A Tuplex Dataset object that allows further ETL operations

Return type

Tuplex.dataset.DataSet

rm(pattern)[source]

removes all files matching the pattern :param pattern: a UNIX wildcard pattern with a prefix like s3:// or file://. If no prefix is specified,

defaults to the local filesystem i.e. file://.

Returns: None

text(pattern, null_values=None)[source]

reads text files. :param pattern: a file glob pattern, e.g. /data/file.csv or /data/*.csv or /*/*csv :type pattern: str :param null_values: a list of string to interpret as None. When empty list or None, empty lines will be the empty string ‘’ :type null_values: List[str]

Returns

A Tuplex Dataset object that allows further ETL operations

Return type

tuplex.dataset.DataSet


DataSet

class tuplex.dataset.DataSet[source]
aggregate(combine, aggregate, initial_value)[source]
Parameters
  • combine – a UDF to combine two aggregates (results of the aggregate function or the initial_value)

  • aggregate – a UDF which produces a result

  • initial_value – a neutral initial value.

Returns

Dataset

aggregateByKey(combine, aggregate, initial_value, key_columns)[source]
Parameters
  • combine – a UDF to combine two aggregates (results of the aggregate function or the initial_value)

  • aggregate – a UDF which produces a result

  • initial_value – a neutral initial value.

  • key_columns – the columns to group the aggregate by

Returns

Dataset

cache(store_specialized=True)[source]

materializes rows in main-memory for reuse with several pipelines. Can be also used to benchmark certain pipeline costs

Parameters

store_specialized – bool whether to store normal case and general case separated or merge everything into one normal case. This affects optimizations for operators called on a cached dataset.

Returns

A Tuplex Dataset object that allows further ETL operations

Return type

tuplex.dataset.DataSet

collect()[source]

action that generates a physical plan, processes data and collects result then as list of tuples.

Returns

A list of tuples, or values if the dataset has only one column.

Return type

(list)

property columns

retrieve names of columns if assigned

Returns

Returns None if columns haven’t been named yet or a list of strings representing the column names.

Return type

None or List[str]

property exception_counts

dictionary of exception class names with integer keys, i.e. the counts. Returns None if error occurred in dataset. Note that Python has an exception hierarchy, e.g. an IndexError is a LookupError. The counts returned here correspond to whatever type is being raised.

Type

Returns

filter(ftor)[source]

performs a map operation using the provided udf function over the dataset and returns a dataset for further processing.

Parameters

ftor (lambda) or (function) – a lambda function, e.g. lambda x: x or an identifier to a function. that returns a boolean. Tuples for which the functor returns True will be kept, the others discarded.

Returns

A Tuplex Dataset object that allows further ETL operations

Return type

tuplex.dataset.DataSet

ignore(eclass)[source]

ignores exceptions of type eclass caused by previous operator

Parameters

eclass – exception type/class to ignore

Returns

A Tuplex Dataset object that allows further ETL operations

Return type

tuplex.dataset.DataSet

join(dsRight, leftKeyColumn, rightKeyColumn, prefixes=None, suffixes=None)[source]

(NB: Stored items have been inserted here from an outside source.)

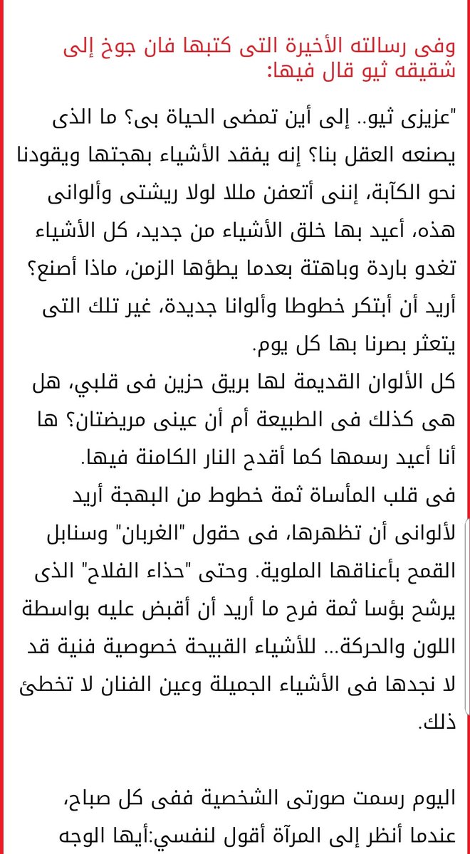 وهذا رابط رسالة فان جوخ لأخيه ثيو منشور في جريدة "اليوم السابع" المصرية في 29 يوليو 2018 في ذكرى رحيل جوخ: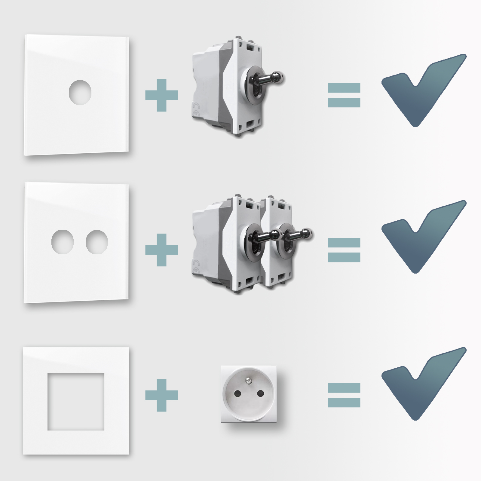 Dans quelques années, vous souhaiterez peut-être des interrupteurs d'une autre couleur ? Dans ce cas, il vous suffit de conserver la technique installée et de commander le panneau frontal dans la nouvelle couleur souhaitée. Vous pouvez facilement remplacer les plaques frontales, même si vous n'êtes pas électricien.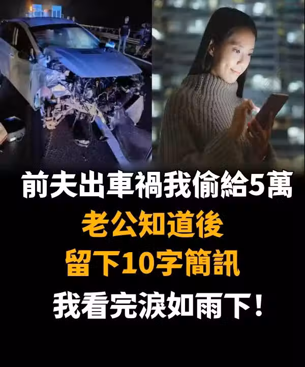 前夫出車禍我偷給5萬,老公知道後留下10字簡訊,我看完淚如雨下!
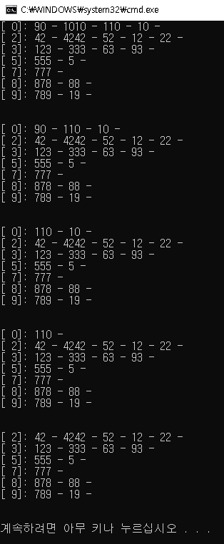 remove(110); print(); // head[0] 연결리스트가 비워지는 경우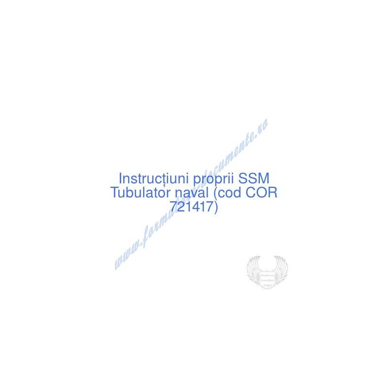 Aceste documente OBLIGATORII pentru ocupantul postului de Tubulator naval (cod COR 721417), sunt complet întocmite, respectând cerințele Codului muncii actualizat 2023, Legii securității și sănătății în muncă nr. 319/2006 (actualizată 2023), H.G. 1425/2006 (actualizată 2023) și răspund tuturor cerințelor standardelor de calitate referitoare la management (ISO 9001/ ISO 14001/ ISO 22000/ SR OHSAS 18001:2008/ ISO 45001:2018 etc.). Cuprinsul IPSSM pentru instruirea angajatului pe funcția de Tubulator naval :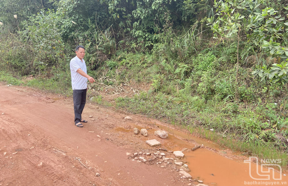 Chỉ vào các vũng nước sâu trên mặt đường, những đoạn đường lổn nhổn đá dăm, ông Đặng Văn Đào, một người dân sinh sống ở khu vực này, than thở: Đoạn đường bê tông dài chừng 600m, rộng từ 3-5m này vốn bằng phẳng và sạch sẽ, có lề để tránh xe, có rãnh dọc thoát nước ở hai bên nên bà con chúng tôi đi lại thuận tiện. Nhưng năm 2020, trong quá trình Công ty CP Nước sạch Thái Nguyên thực hiện Dự án Nhà máy nước Nam Núi Cốc, đoạn đường gần như bị phá nát.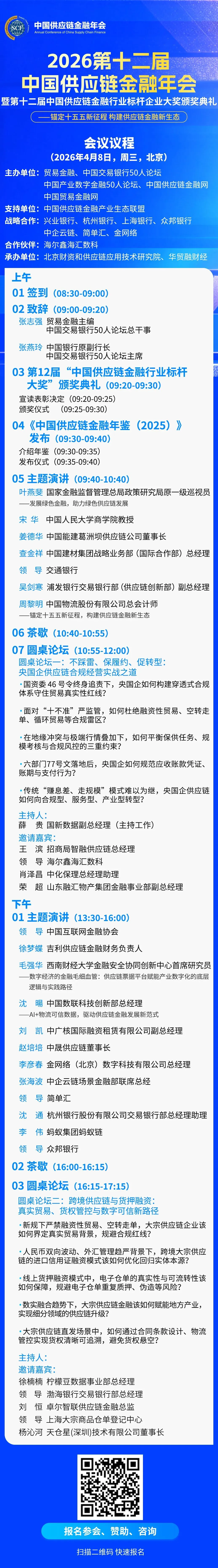 4月8日,北京将召开2026第十二届中国供应链金融年会,是当下国企不容错过的行业盛会。诚邀各位业内同仁莅临现场,共学供应链金融进阶之道,共探供应链金融高质量发展的转型路径!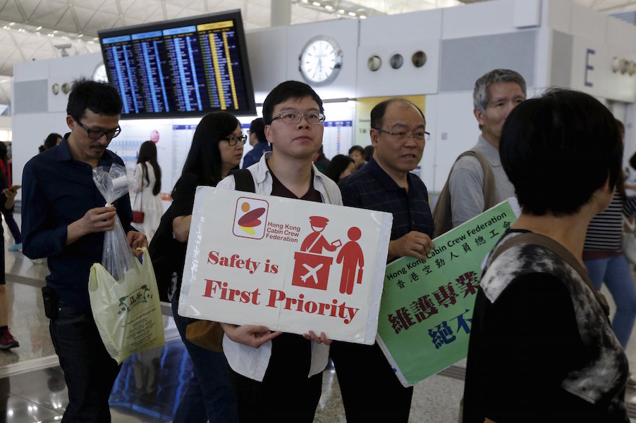 “It’s not fair asking frontline staff to bring in something (to the airport’s restricted area) which is unidentified or unattended for a period of time,” said Dora Lai, a senior member the Hong Kong Cabin Crew Association, which organised the protest.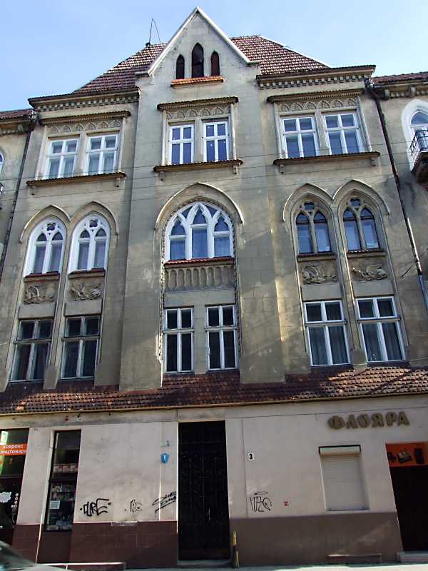 2013 р. Головний фасад Розмір зображення: 600:800 піксел 16 квітня 2013 р. Фото М.І.Жарких. Вкладені елементи Рельєф над вікнами 4-го поверху Стрілчасті вікна 3-го поверху з рельєфами (+)

(inner) join with other dataset :param dsRight: other dataset :param leftKeyColumn: column name of the column to use as key in the caller :param rightKeyColumn: column name of the column to use as key in the dsRight dataset :param prefixes: tuple or list of 2 strings. One element may be None. :param suffixes tuple or list of 2 strings. One element may be None:

Returns: Dataset

leftJoin(dsRight, leftKeyColumn, rightKeyColumn, prefixes=None, suffixes=None)[source]

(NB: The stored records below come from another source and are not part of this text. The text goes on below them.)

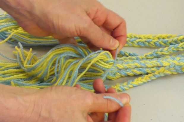 Utilizar un peso para fijar el cabello (aquí mediante una pila de libros). Un tentáculo a la vez, eliminar el giro lazo, trenza, luego amarrar con una longitud de 4" del hilado. Doble nudo y corte el exceso.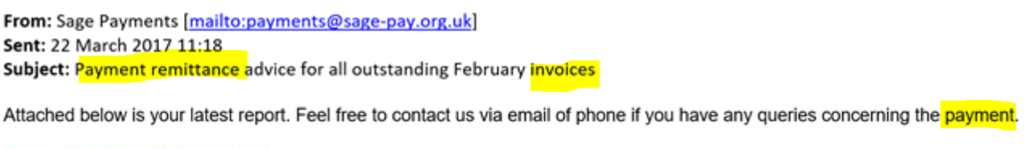 The email came straight into my clients mailbox. Luckily they sent it on to me rather than opening the OneDrive link that came with it.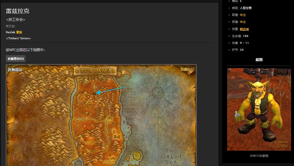 玩家可以在前往奥格瑞玛的大路上找到雷兹拉克,在他那里接取到保护商队任务。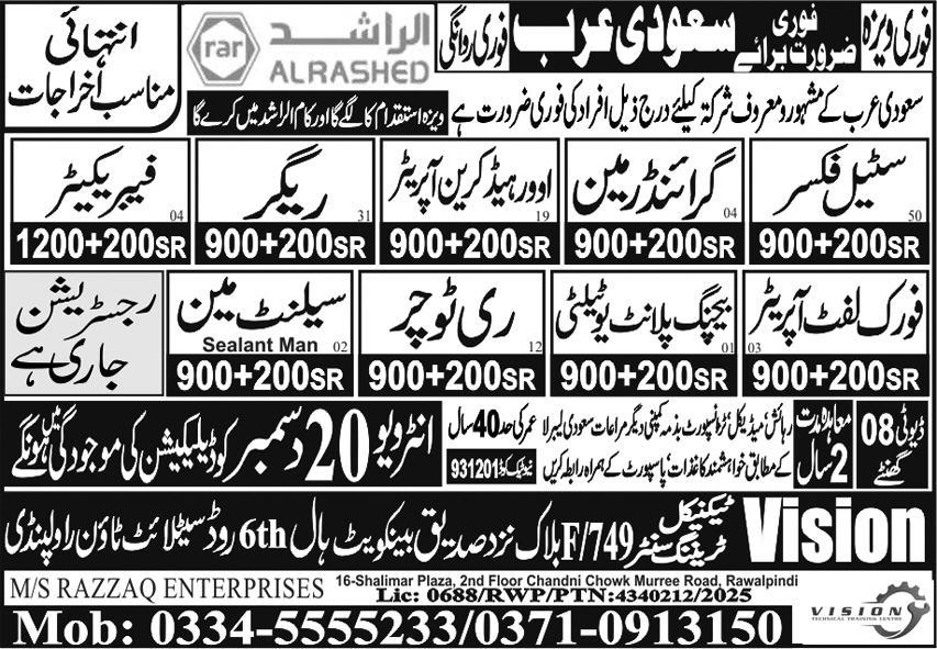 Vision Technical Training Center is looking for candidates for following posts as per job advertisement published in daily Express Newspaper of December 17, 2025 for location Dammam, taif Saudi Arabia:

left (outer) join with other dataset :param dsRight: other dataset :param leftKeyColumn: column name of the column to use as key in the caller :param rightKeyColumn: column name of the column to use as key in the dsRight dataset :param prefixes: tuple or list of 2 strings. One element may be None. :param suffixes tuple or list of 2 strings. One element may be None:

Returns: Dataset

map(ftor)[source]

performs a map operation using the provided udf function over the dataset and returns a dataset for further processing.

Parameters

ftor (lambda) or (function) – a lambda function, e.g. lambda x: x or an identifier to a function. Currently there are two supported syntactical options for functions. A function may either take a single parameter which is then interpreted as tuple of the underlying data or a list of parameters, e.g. lambda a, b: a + b would sum the two columns. If there is not match, whenever an action is called Tuplex will point out the mismatch.

Returns

A Tuplex Dataset object that allows further ETL operations

Return type

tuplex.dataset.DataSet

mapColumn(column, ftor)[source]

maps directly one column. UDF takes as argument directly the value of the specified column and will overwrite that column with the result. If you need access to multiple columns, use withColumn instead. If the column name already exists, it will be overwritten.

Parameters
  • column (str) – name for the column to map

  • ftor – function to call

Returns

A Tuplex Dataset object that allows further ETL operations

Return type

tuplex.dataset.DataSet

renameColumn(oldColumnName, newColumnName)[source]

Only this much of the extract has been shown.